There are two common types of home equity loans.

• The close end home equity loan where you will be given the lump sum of the amount you are borrowing once the loan is approved. However, no further loans will be allowed once you have received the lump sum amount. With this type, you will be able to get the entire value of your home. • The open home equity loan allows you to borrow several times depending on your choice. It involves a revolving credit.

You need money while you are still living (and even after your death for your burial expenses), and that is the reality you need to accept no matter how bitter it is. Fortunately, with home equity loan, you are given the option to ease the difficulties brought by financial constraints.

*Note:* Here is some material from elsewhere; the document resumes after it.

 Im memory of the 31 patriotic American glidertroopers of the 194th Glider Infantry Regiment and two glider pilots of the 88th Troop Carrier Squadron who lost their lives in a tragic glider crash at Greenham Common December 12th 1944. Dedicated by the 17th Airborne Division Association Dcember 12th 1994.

Just a word of caution: keep your payments on regular basis. Default payments can result in loss of your home.



STAN
 

Loan Guru: How The Home Equity Loan Works

Kirrhi Kreamer asked:


Home Equity Loans have quickly grown to become one of the greatest and most popular loan types in the world today. The idea that a person that is a home owner can go ahead and get a loan taken out on their home in order to deal with any emergency situations that might crop up is something that allows a lot of people to rest easy at night and ultimately the people that are able to rest easy are going to have lower stress levels and a better all around existence specifically because of the presence of the option of the home equity loan in their lives.

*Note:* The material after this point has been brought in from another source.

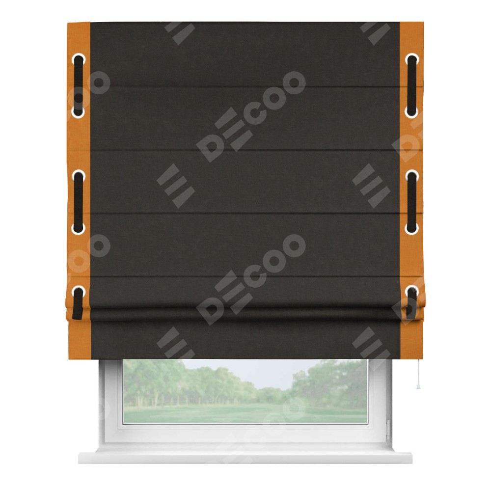 Римская штора производителя «Cortin», используется для проёма, пошита из ткани канвас тёмно-коричневый, артикул ткани v-13. Отделка шторы кантом «Стрим Дуо» (оранжевый v-106) на кантах расположены люверсы с пояском, ткань для канта используется из канваса разной расцветки на выбор. Ткань для пояска обычно используется из основной ткани шторы, а так же можно сделать из любой расцветки по желанию. Имеет универсальный механизм и подходит для монтажа: на потолок, на стену и в нишу.

Now, home equity loans are quite good and what is even better is being able to understand the anatomy of a home equity loan and exactly how it shakes out in a number of different areas.

Interest Rates

One of the biggest questions that people usually have regarding home equity loans is the question of interest rates. When you take a look at the different interest rates that are available and indeed you take a look at the interest rates for other types of loans in comparison to the home equity loan, what you immediately find is that the people that are interested in getting the home equity loan for themselves pay a much lower interest rate on average than people that are involved in other loans.

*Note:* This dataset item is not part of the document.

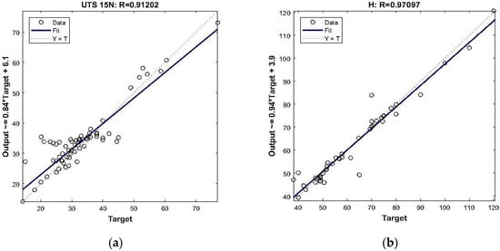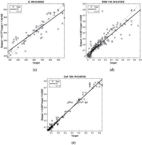Five separate ANN models were created after considering all the input and output variables. After several iterations on varying the hidden neurons in the range between 3 and 15, the feasible models, which had a minimal error with 15, 12, 9, 11, and 12 hidden neurons, were chosen for each of the output variables as three mechanical properties (UTS, H, and E) and two wear properties (SWR and CoF). The predictability of these distinctly trained ANN models are shown with the help of scatter diagrams, as illustrated in Figure 3. The best predictability of the ANN models are evidently seen through the higher correlation coefficients for the corresponding mechanical characteristics of UTS, H, and E, being 0.91202, 0.97097, and 0.90693, respectively. Similarly, the corresponding tribological properties of SWR and CoF were 0.91876 and 0.98709.

This is because home equity loans have been created from a structural point of view to resemble mortgages. The average mortgage has an interest rate between 5% and 7% annually and when you look at the average home equity loan, you find the same thing is true as well.

Monthly Repayment Amounts

When you look at the different monthly repayment amounts for the different loans available on the market today, you tend to the see the exact same thing when comparing them to home equity loans that you did with the interest rates. Namely that home equity loans usually tend to be on average 10-20% lower per month in terms of the monthly repayment amounts. This is because of the presence of strong collateral (property is the strongest collateral imaginable in a free market society) as well as the longer term lengths when it comes right down to the actual loan deal itself.

Fees

Now, home equity loans, just like mortgages, sometimes carry a fee schedule with them. The fee schedule is an idea that financial institutions to a large degree have borrowed from credit cards, because for the longest time mortgages were not as restrictive as they are in today’s world.

When you take a look at the mortgages and home equity loans in today’s society, what you eventually see is that the fees tend to revolve around things like late payments, underpayments and even overpayments in certain agreements. Either way, the fees are not really a big part of most loan agreements, but it is worth mentioning that they might be there for full disclosure.